The PBM business is an artifact of an opaque, Byzantine system of drug pricing in the U.S. and the relationships between drug manufacturers, PBMs and clients is phenomenally complex and interwoven. Express Scripts, the largest PBM and the last “pure-play” one, survives and has thrived in this tangled web of a business environment.

However, this tangled web is shifting and the shift increases the uncertainty surrounding Express Scripts’ valuation.

ACA (a.k.a. “National Romney Care”, a.k.a. “Obama Care”) is providing stress on insurers to find areas to cut costs and create efficiencies. Anthem’s (ANTM) recent suit against Express Scripts to break a 10-year contract is likely related to Anthem’s proposed (and perhaps doomed) merger with Cigna (CI). Cigna has its own in-house PBM and Anthem would benefit from negotiating power an in-house PBM would bring versus drug makers – a key consideration for insurers looking to cut operating costs.

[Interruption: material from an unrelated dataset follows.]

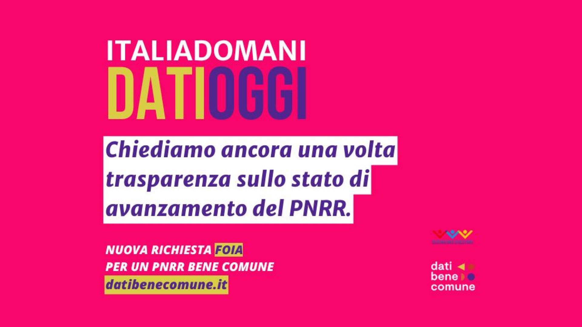 Fin dall’avvio del Piano nazionale di ripresa e resilienza, con le oltre 300 organizzazioni riunite nella campagna “Dati Bene Comune” e con l’Osservatorio Civico PNRR, chiediamo maggiore trasparenza e accesso pubblico alle informazioni. A oggi, nonostante i passi in avanti a cui abbiamo assistito negli ultimi mesi, non è ancora possibile conoscere nel dettaglio il livello di spesa già sostenuta per ogni progetto finanziato con i fondi del PNRR.

In this complex industry, parts of which (especially drug pricing) are increasingly under regulatory scrutiny, we do not believe we have better insight into future demand for Express Script’s stand-alone PBM services and the profit the firm could derive than the market as a whole. In our opinion, operational risks to Express Scripts are to the downside, but a possible acquisition of the firm by Walgreens Boots Alliance (WBA) provides upside risk to bearish investors as well.

[Log In to IOI’s Research Portal to download the Tear Sheet]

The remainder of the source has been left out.